Not more than a week ago, an abrupt mystifying silence began to dance in the city. People began to evade each other on streets. There was a strange climate of distrust and skepticism. This atmosphere had built up very gradually, and there seemed to be no apparent rationale for such an aura. I was pondering over this subject when out of the blue a known figure appeared in front of me and said that I was the reason for the deterioration of city’s atmosphere.” I am the reason”- I was flabbergasted. How could I be the reason for this estrange and alienated climate of the city. I am a simple person who goes to office every day, run into exhaustion over the files till the evening and come back home. Yes sometimes I do go to the marketplace to buy some vegetables, fruits and sweets. I come back to home, wash my hands and feet, have a cup of tea and sit in the chair stationed at the verandah with the morning newspaper. That day when I was sitting in the verandah, the same man who gave me the news that I was the reason for city’s strange atmosphere, came to me again.

                                               “brother, what are you saying?”, “yes”- he came close to me and spoke in a whispering tone, “everyone is talking about you”,” talking about me”, I asked as I stood astonished. Then I asked “brother” how am I involved in this issue? “the talk of the town is that you are adamant on vacating the house and you have said it categorically in front of everyone”-the man replied in a very affirmative tone.”I have never said such a thing, and even if I did, what has it got to do with the strange silence of the city?”, “you mean to say that this decision of yours has got nothing to do with the atmosphere of the city”-the man spoke in a rather hushed up tone. “I have never talked to anyone regarding leaving my house, I don’t know who is spreading these rumors”- I expressed my dissent “and for god’s sake how on earth the city is affected by a decision made by an ordinary individual like me?” no sooner did I complete my punctuation of anguish, the man apparently pounced at me with his words “what kind of a strange man are you, as a direct consequence of your decision , other people have got encouragement and are also planning to vacate their houses just as you who are living in the neighborhood of those people”, “ I don’t understand the rationale, why is my image being sabotaged “ “no” said the man “ your image is not being tarnished, they think that you know the inside story, you are very well aware of what is to unfold”.

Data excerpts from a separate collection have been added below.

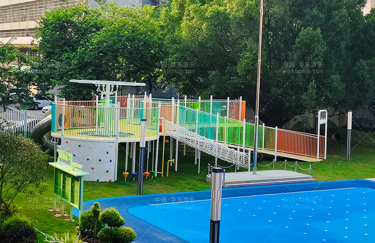 三明市实验幼儿园 选用的是leyu.乐鱼游乐自主研发和设计的非标定制系列的组合游乐设备,是一款具备了攀爬网、空中网桥、攀爬墙、儿童秋千、大型滑筒、平衡吊环、彩虹桥等功能,除此之外还设置了树形休闲厅、木制小桥等游乐设备,让孩子们有一个健康的成长环境,也为老师的教学提供了保障。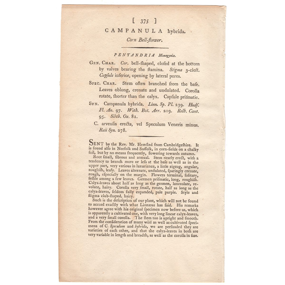 Sowerby Botany Plate 375 Corn Bell-flower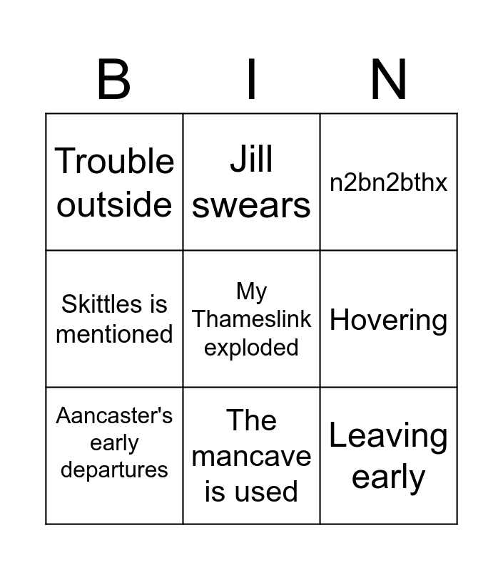 This bingo card has a free space and 8 words: Hovering, n2bn2bthx, Jill swears, Aancaster's early departures, Trouble outside, Leaving early, Skittles is mentioned and The mancave is used.

                                              Well I was not sure I knew anything even remotely about the theory of inside story, but one thing was for certain the ‘inside agony’ of being victimized. Meanwhile this agony was soon turning into anger for the person sitting in front of me as I was quite sure that I had never mentioned such a thing in front of anyone. Swallowing the anger I felt, that it is not the fault of this man, he is just a second hand source of information of the escalating rumors. The conversation lasted another half an hour as I bid him adieu with an obnoxious last slurp of the tea. The news he had given me was enough to terrorize any soul. He told me that not more than two days after my alleged decision to vacate, a meeting was held at the square near the market place which was attended by some politicians apart from sadhu-sants(priests and saints). Following this event people from other areas of the city started packing off. He was surprised by the fact that in spite of declaring that I would be vacating the house, I still had not, even though the situation had worsened. Thinking over the hysteria created, I was compelled to believe that perhaps I might have said this to someone, but I was unable to recall anything. How could have I remembered, when there seemed to be no apparent reason to leave. I am hundred percent sure that I had never said such a thing to anyone, not even to my family.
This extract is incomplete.